Harnessing the protective potential of HIV-1 neutralizing antibodies.

Recent biological, structural, and technical advances are converging within the HIV-1 vaccine field to harness the power of antibodies for prevention and therapy. Numerous monoclonal antibodies with broad neutralizing activity against diverse HIV-1 isolates have now been identified, revealing at least five sites of vulnerability on the envelope (Env) glycoproteins. While there are practical and technological barriers blocking a clear path from broadly neutralizing antibodies (bNAb) to a protective vaccine, this is not a dead end. Scientists are revisiting old approaches with new technology, cutting new trails through unexplored territory, and paving new roads in the hopes of preventing HIV-1 infection. Other promising avenues to capitalize on the power of bNAbs are also being pursued, such as passive antibody immunotherapy and gene therapy approaches. Moreover, non-neutralizing antibodies have inhibitory activities that could have protective potential, alone or in combination with bNAbs. With a new generation of bNAbs, and a clinical trial that associated antibodies with reduced acquisition, the field is closer than ever to developing strategies to use antibodies against HIV-1.

Introduction

Neutralizing antibodies against HIV-1 were first described early in the HIV-1 epidemic [1], raising hopes that a protective vaccine was in the immediate future. Yet 30 years later, only one vaccination regimen has shown any efficacy in humans to date [2], essentially in the absence of functional neutralizing antibody activity [3, 4]. Indeed, most vaccine approaches tested so far mainly elicit antibodies that can only neutralize T-cell line-adapted strains and the minor fraction of naturally occurring strains that exhibit a highly sensitive tier 1 neutralization phenotype [4– 8]. This is because most naturally occurring HIV-1 isolates tend to mask vulnerable surfaces, making them much more difficult to neutralize, classified as possessing a tier 2 or 3 phenotype [9– 11]. Stopping these neutralization-resistant, genetically diverse HIV-1 strains, which constitute the majority of the current global pandemic, will require an approach that successfully targets one or more regions of the trimeric envelope glycoprotein (Env) spike that are vulnerable to neutralization on most tier 2 viruses. However, all broadly neutralizing antibodies (bNAbs) identified thus far possess one or more unusual features [12], suggesting that they will be difficult to generate via vaccination. To overcome this and other potential obstacles, the HIV-1 research community is now moving forward along two major paths: (1) developing novel strategies to elicit antibodies capable of broadly and potently neutralizing clinically relevant, genetically diverse HIV-1 strains and (2) combining knowledge of bNAbs with modern technologies to create protective alternatives and therapeutic options ( Figure 1).

Figure 1.

Three promising avenues for using HIV-1 broadly neutralizing antibodies (bNAbs) for protection and therapy.

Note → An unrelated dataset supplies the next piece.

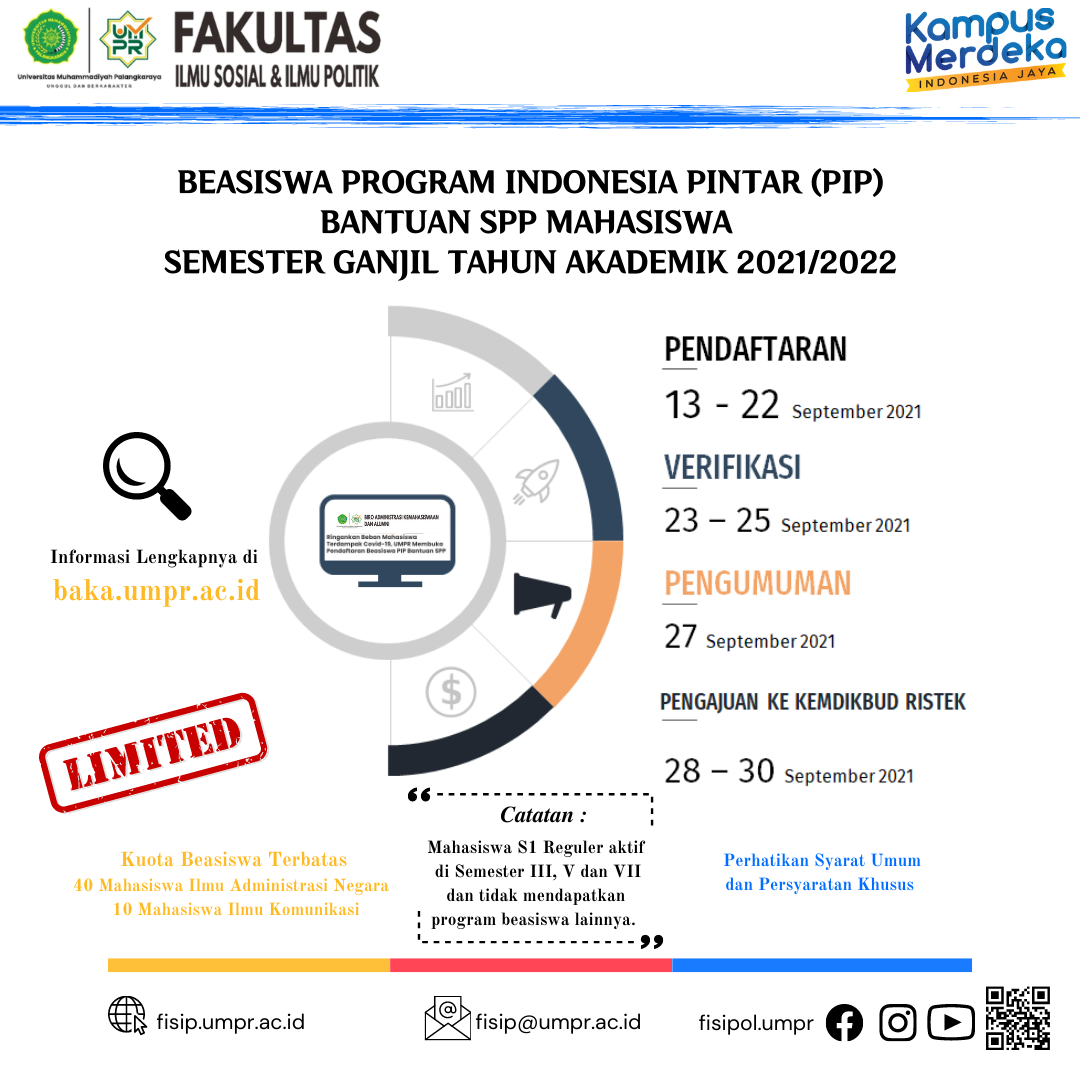 Kementrian Pendidikan, Kebudayaan, Riset dan Teknologi menyampaikan program lanjutan Beasiswa Program Indonesia Pintar (PIP) Bantuan SPP bagi mahasiswa yang terdampak Covid-19. Bantuan SPP ditujukan bagi mahasiswa aktif dan bukan penerima KIP Kuliah/Bidikmisi, serta kondisi keuangannya memerlukan bantuan SPP Semester Gasal Tahun Akademik 2021/2022. Perhatikan Syarat Umum dan Syarat Khusus. Segera Melakukan Pendaftaran. Kuota Terbatas. ...Read More

Each area of pursuit is shown, and potential obstacles are listed below. For vaccination, there are two approaches for generating immunogens that will face common barriers. Env, envelope glycoprotein; NHP, non-human primate.

Innovative application of bNAbs for HIV prevention and therapy

During natural HIV-1 infection, most individuals develop antibodies with some level of heterologous neutralization breadth [13, 14], although only a small fraction of these individuals go on to develop high titers of the most extraordinary bNAbs [15]. A focused effort to recover monoclonal antibodies from these rare individuals with very potent and broad plasma-neutralizing activity has led to a collection of a few dozen bNAbs, defined as having the ability to neutralize more than 60% of the variants in multi-clade HIV-1 Env panels at a concentration of less than 50 μg/ml [12, 16]. In turn, these discoveries have led to the identification of five regions on the viral Env trimer that are accessible to bNAbs: the CD4-binding site (CD4bs), the gp120 V1V2 hyper-variable domain, a glycan patch centered on the base of the gp120 V3 domain, the gp120 and gp41 interface, and the membrane proximal external region (MPER) of gp41. These discoveries have collectively bolstered optimism that bNAbs could also be elicited by vaccination.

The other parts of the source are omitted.